By this period his fame as a composer was at its height. He had published four books of trio sonatas in the years up to 1694 and in 1700 a set of sonatas for solo violin and continuo appeared. Their influence was enormous, and indeed this corpus formed the basic repertoire of the violinists of the next generation, notably Locatelli, Geminiani, Dubourg (Handel's leader for operas and oratorios) and Castrucci. Nevertheless, it seems that in his later years, the younger virtuosi outpassed him in both technique and stylistic knowledge. About 1701 he visited Naples, to be astonished that the players of the royal orchestra could read his concertos at sight almost as well as his own orchestra in Rome could play them after rehearsing, and on the same visit, a passage in a masque by A. Scarlatti which went up to a high F proved too difficult for him - but not for the local leader!

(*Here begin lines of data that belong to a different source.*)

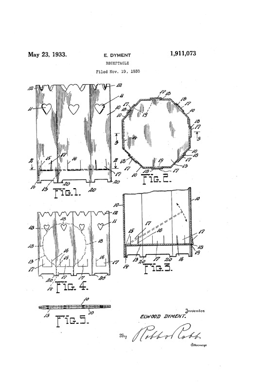 Dyment Patent drawing Another of Elwood Dyment's many ideas for pressed-paper, this is his patent drawing detailing the plans of a collapsible trash receptacle which was eventually produced at his Cleveland facility. Source: U.S. Patent Office Date: 1933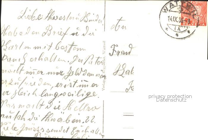 11652915 alte Postkarte Wattwil Krankenhaus postalisch gelaufen Erhaltung siehe scans KatCode: 11470190585840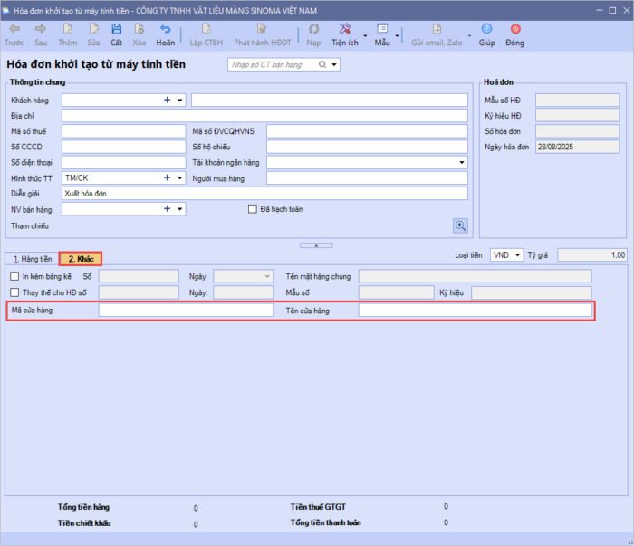 - Bổ sung chức năng lấy thông tin chi nhánh làm thông tin cửa hàng trên hóa đơn máy tính tiền.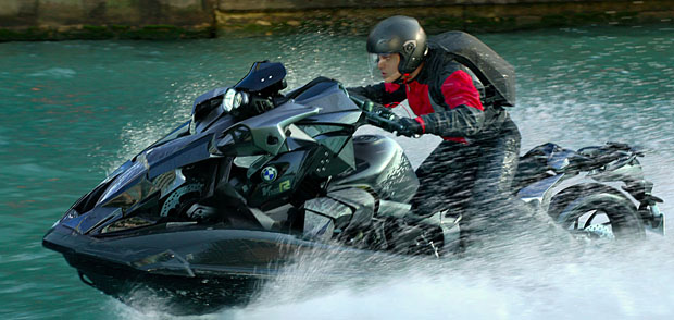 其中阿米爾汗騎的BMW K 1300 R,在警匪街頭追逐戰中不但上演「縮把手穿越縫隙」場景;當從橋上一躍而下時,更逐步變形為「水上重機」,彷彿變形金剛再現,令人熱血沸騰!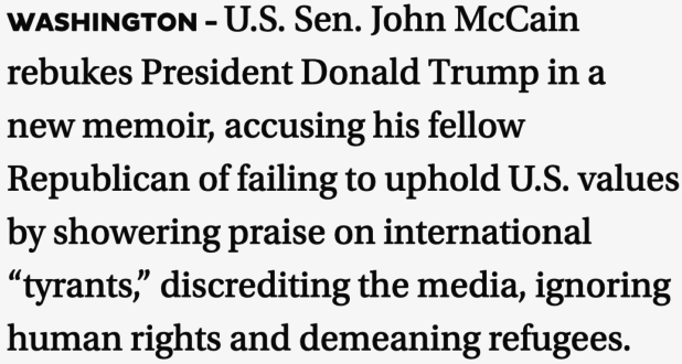 Blaming Moslems for White Nationalist terrorism is totally insane. And McCain doesn’t do it in defense of white people either. The defense of white people is: “they deserved it.”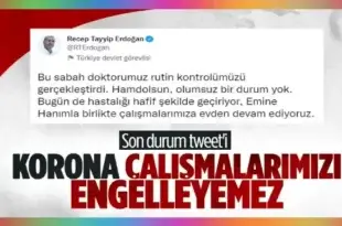 Cumhurbaşkanı Erdoğan, yakalandığı koronavirüs sonrası Emine Erdoğan ve kendisinin sağlık durumunun iyi olduğunu bildirdi. Erdoğan, çalışmalarına devam ettiğini söyledi. Cumhurbaşkanı Recep Tayyip Erdoğan ve eşi Emine Erdoğan’ın koronavirüs testleri pozitif çıktı. Yaşanan bu gelişme sonrası açıklama yapan Sağlık Bakanı Fahrettin Koca, Cumhurbaşkanı Erdoğan ile eşi Emine Erdoğan’ın hastalığı hafif geçirdiğini …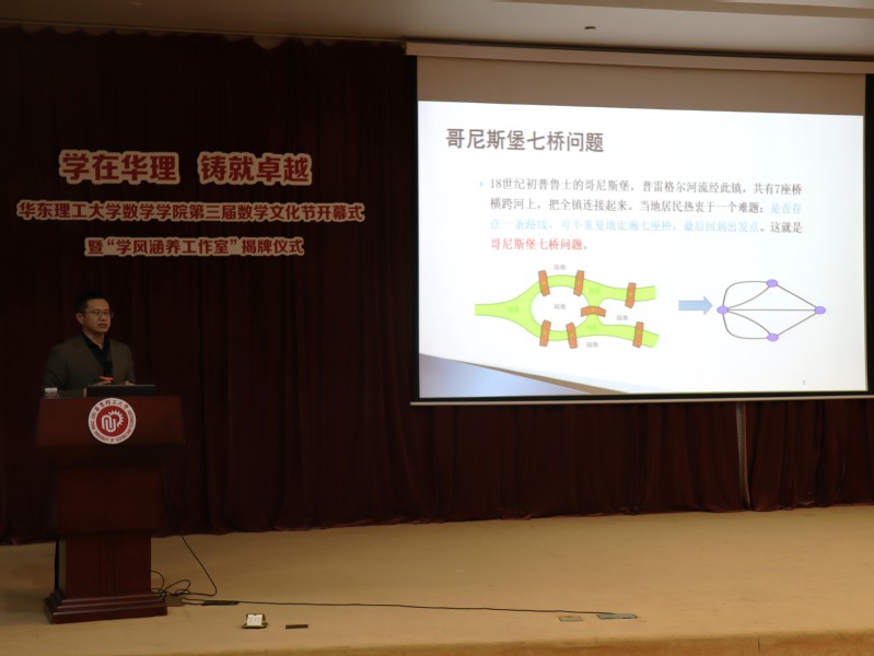 王光辉教授以其深厚的学术底蕴和丰富的教学经验,带领我们走进了图论这一离散数学的重要分支,探索了其在现代信息科学和技术领域的广泛应用。王教授首先从图论的历史渊源讲起,介绍了18世纪哥尼斯堡七桥问题,这是图论的起源之一。通过欧拉对这一问题的解答,图论与拓扑学的新分支得以诞生。接着从定义入手,为同学们阐释了有关顶点、边顶点的度等有关数学概念和分析图论问题的常用方法。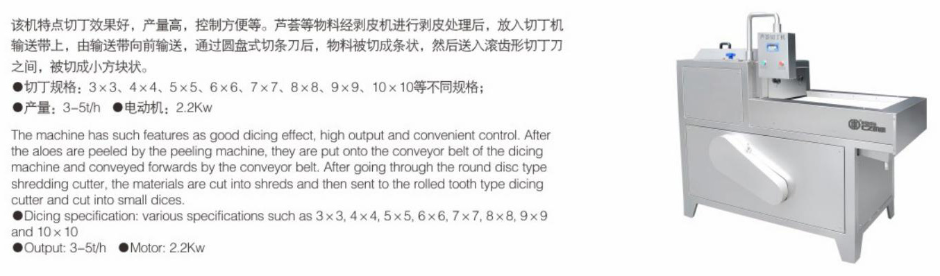该机特点切丁效果好,产量高,控制方便等。芦荟等物料经剥皮机进行剥皮处理后,放入切丁机输送带上,由输送带向前输送,通过圆盘式切条刀后,物料被切成条状,然后送入滚齿形切丁刀之间,被切成小方块状。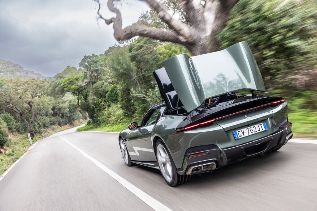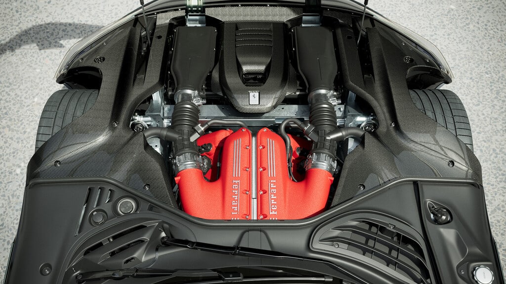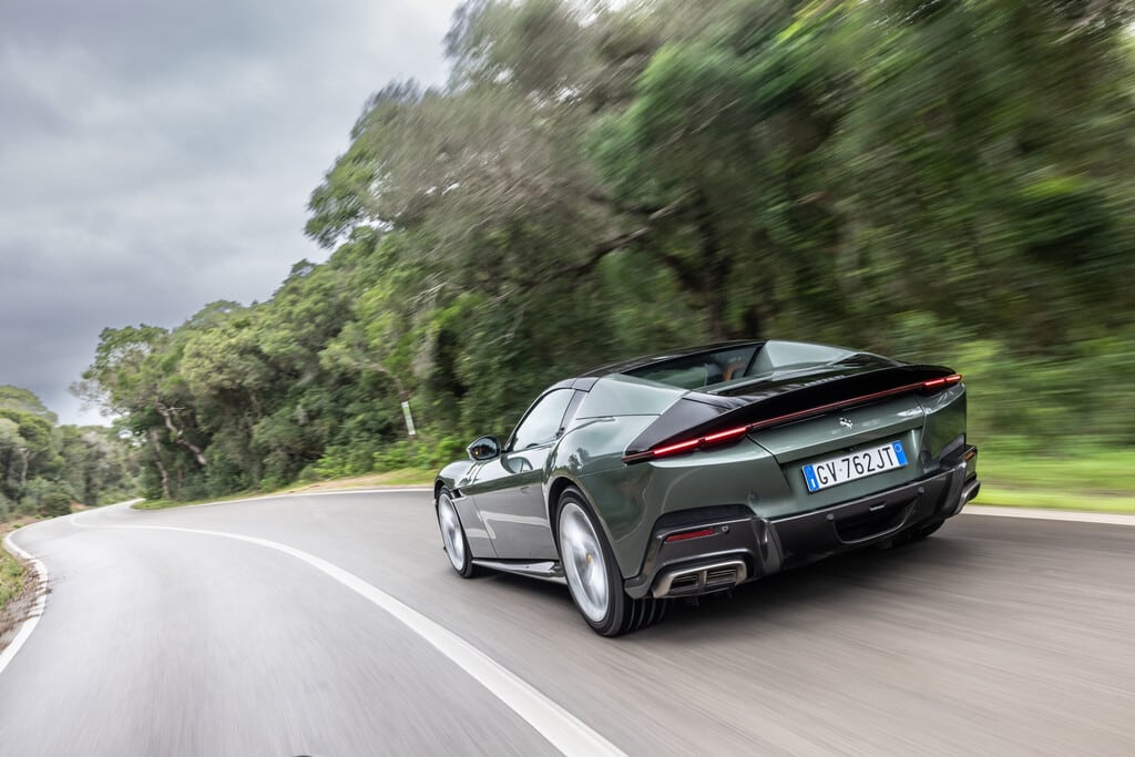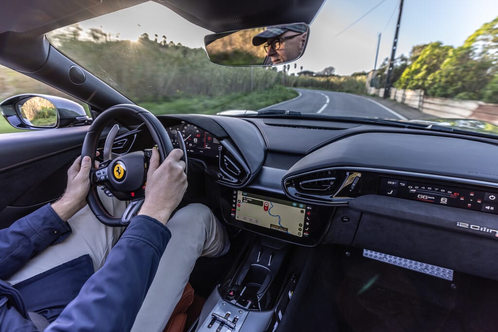 Schon beim Coupé des 12Cilindri ist man dem Zwölfzylinder sehr nah: Das Aggregat sitzt hinter der Vorderachse, ist also ein Front-Mittelmotor, und ragt damit weit in den Innenraum hinein. Das schafft eine geradezu intime Nähe zwischen Fahrer und Motor. Das Doppelkupplungsgetriebe liegt hinten an der Hinterachse und sorgt so für eine optimale Balance des Autos.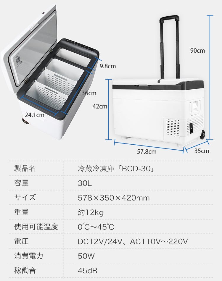 「BCD-30」は、車載に特化した冷蔵冷凍庫。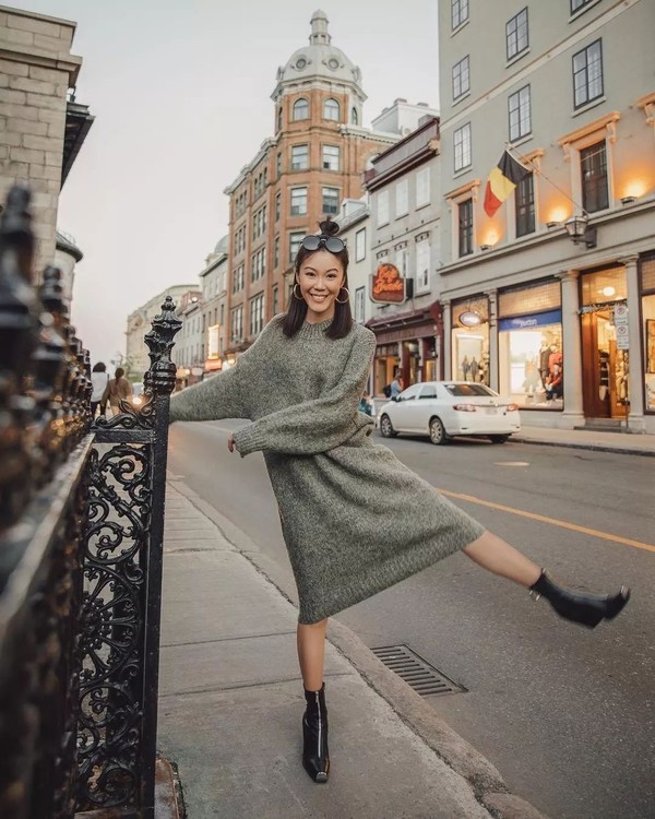 提到毛衣裙搭配,就不得不提起亚裔时尚博主Jenny Tsang,偏爱毛衣裙的她便向我们证明了亚洲女生也能将毛衣裙穿得很时髦。

There is also the famous story told by Handel's biographer, John Mainwaring, which tells that Arcangelo Corelli, leading the orchestra in the overture to the German's oratorio The Triumph of Time, annoyed him so much that Handel snatched the violin from Arcangelo Corelli's hands to show him how it went: to which Arcangelo Corelli replied, 'But, my dear Saxon, this music is in the French style, which I do not understand.' The French style involved double dotting and notes inegales, and was now common throughout Europe (Bach frequently used it), so this suggests a by now insular attitude on Arcangelo Corelli's part.
Nevertheless, when an ill-founded rumour circulated in 1708 that Arcangelo Corelli had died, Arcangelo Corelli was mourned by no less a person than one of the Electors of the Holy Roman Emperors. He gave up playing in public about 1710, and two years later became seriously ill. In January 1713, he made his last will, and died on the night of the 8th of that month. He was widely mourned, his patron Cardinal Ottoboni ordering that he should be placed in a triple bier of lead, cypress and chestnut wood and laid in a tomb of marble in the church of the Rotunda in Rome (today known by its former title, the Pantheon). He died a relatively rich man, with a capital of about £6,000 (a substantial sum in the 1 8th century - according to the estimates of Burney - and a collection of over one hundred paintings, including a Breughel and some landscapes by Poussin. One of his violins may have been a Stradivarius, and he also owned an 'old violoncello', a two-manual harpsichord and a violone. He also left the Concertos of Op.6 to be published by a pupil, Fornari, and these, his most famous works, were issued in 1714. His compositions were among the most popular of the 18th century and continued in the repertoire, especially in England, for over seventy years.